Questions for measurement. Measurement questions include:

  • To what degree can the establishment of new offices or marketing campaigns be accelerated or made less costly through the use of e-learning?
  • To what degree, and how quickly, is the experience gained by executives who pioneer the entry into a new market, recycled and reused by other executives?
  • To what degree do stakeholders associate the speed and effectiveness of their entry into a new market with their e-learning support?
  • What alternatives to e-learning exist as an aid to market entry, and how much would they cost (pre and post initiative)?
  • Have there been any sales or market share impacts, or any avoidance of risk as a result of deploying e-learning, and can these be quantified? If so, how?

Using these Approaches to ROI
Creating a more discriminating set of tools for measuring the economic value impact of e-learning will help executives warrant their investments with greater confidence and guide their initiatives with greater precision.

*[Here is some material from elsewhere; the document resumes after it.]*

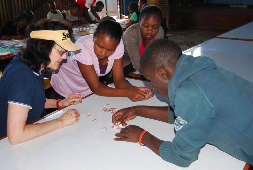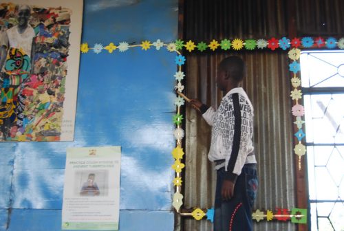 Mit der Gruppe der anwesenden 7-jährigen Kinder sowie am Nachmittag, nach Rückkehr von den Nachhilfestunden auch mit den größeren Jugendlichen wurden an allen Tagen verschiedene Bastelarbeiten mit Schere und Papier, Buntstiften und Kleber gefertigt. Fleißig wurde ausgeschnitten, gefaltet, geflochten, entworfen und geklebt. Zwischendurch gab es zur Entspannung kurze Ballspiele und es wurde zusammen gesungen. Alle Bastelarbeiten wurden von einem Jugendlichen in der Common Hall an den Wänden verteilt, so dass diese schön mit nach-österlichem Schmuck dekoriert werden konnte.

The ground covered in Parts I and II of this article maps out the ways in which more closely linking e-learning to business strategy—combined with clear performance and impact targets, recognition of key infrastructure opportunities, and a system for engaging and soliciting measurement data from stakeholders—can cumulatively enhance its economic viability.

Acknowledgment
The author acknowledges the valuable editorial contribution made by Saul Carliner in preparing this article for publication.



Comments

  • Tue, 25 Nov 2008
    Post by Mark Notess

    Sounds like more of an advertisement. So I can get continuing ed credits for reading ads. Can I get credits for spending time on Youtube? We need a new word here beyond just an infomercial: advercation?